Article Text
Abstract
Background The impact of hospice design on health outcomes and the satisfaction and wellbeing of patients, visitors and staff has received scarce attention (Adams. Change Over Time. 2016;6(2):248–63). In particular, views of patients and their families are often absent from qualitative studies (Bellamy. Designing dying well: Towards a new approach to the co-production of palliative care environments for the terminally ill [PhD thesis]. Cardiff University; 2022). Homelike design is recommended for hospice settings internationally (Verderber, Refuerzo. Innovations in hospice architecture. Taylor & Francis Group; 2010) but its suitability and acceptability to hospice users in England is unknown.
Aim To explore the views of hospice users and staff in England on the suitability and acceptability of homelike design in hospice buildings.
Methods Ethnographic field work in two hospices with adult in-patient units in England including, i) non-participatory observation, ii) individual in-depth, semi-structured interviews with patients (n=8), family members (n=7) and staff (n=13), and iii) focus groups with staff (n=9). Observational diaries and transcripts were analysed in NVivo using thematic analysis. Data analysis was informed by critical geography of architecture approaches (Lees. Ecumene. 2001;8(1),51–86).

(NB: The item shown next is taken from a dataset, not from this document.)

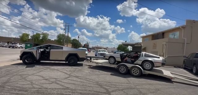 유튜브 채널 ‘Hoovies Garage’의 타일러 후버(Tyler Hoover)는 DMC 들로리안(공차중량 1300kg 내외)을 인근 정비소로 견인하기 위해 듀얼 모터 사이버트럭을 이용했다.

Results Three themes were identified, with homelike hospice design viewed as: desirable; inappropriate; difficult/impossible to achieve. Staff who described homelike design as desirable saw it facilitating palliative care delivery and a welcoming atmosphere; others expressed concerns that it sent the wrong message about standards of care and desired length of inpatient stay. Patients and families were most likely to describe homelike design as difficult/impossible to achieve, many having rejected homemaking practices. Concerns across participant groups focused on practicalities, infection control, and differing homelike design preferences across demographic groups, including suggestions that homelike hospice design prioritised preferences of white management staff, or could be ‘too posh’. Participants differentiated between literally homelike design, and creating homely atmospheres, most favouring the latter.
Conclusion The diversity of views expressed show homelike hospice design to be a contested issue for hospice users and staff. Literally homelike design should not be recommended for hospices in England without establishing whether concerns about potential exclusivity can be mitigated.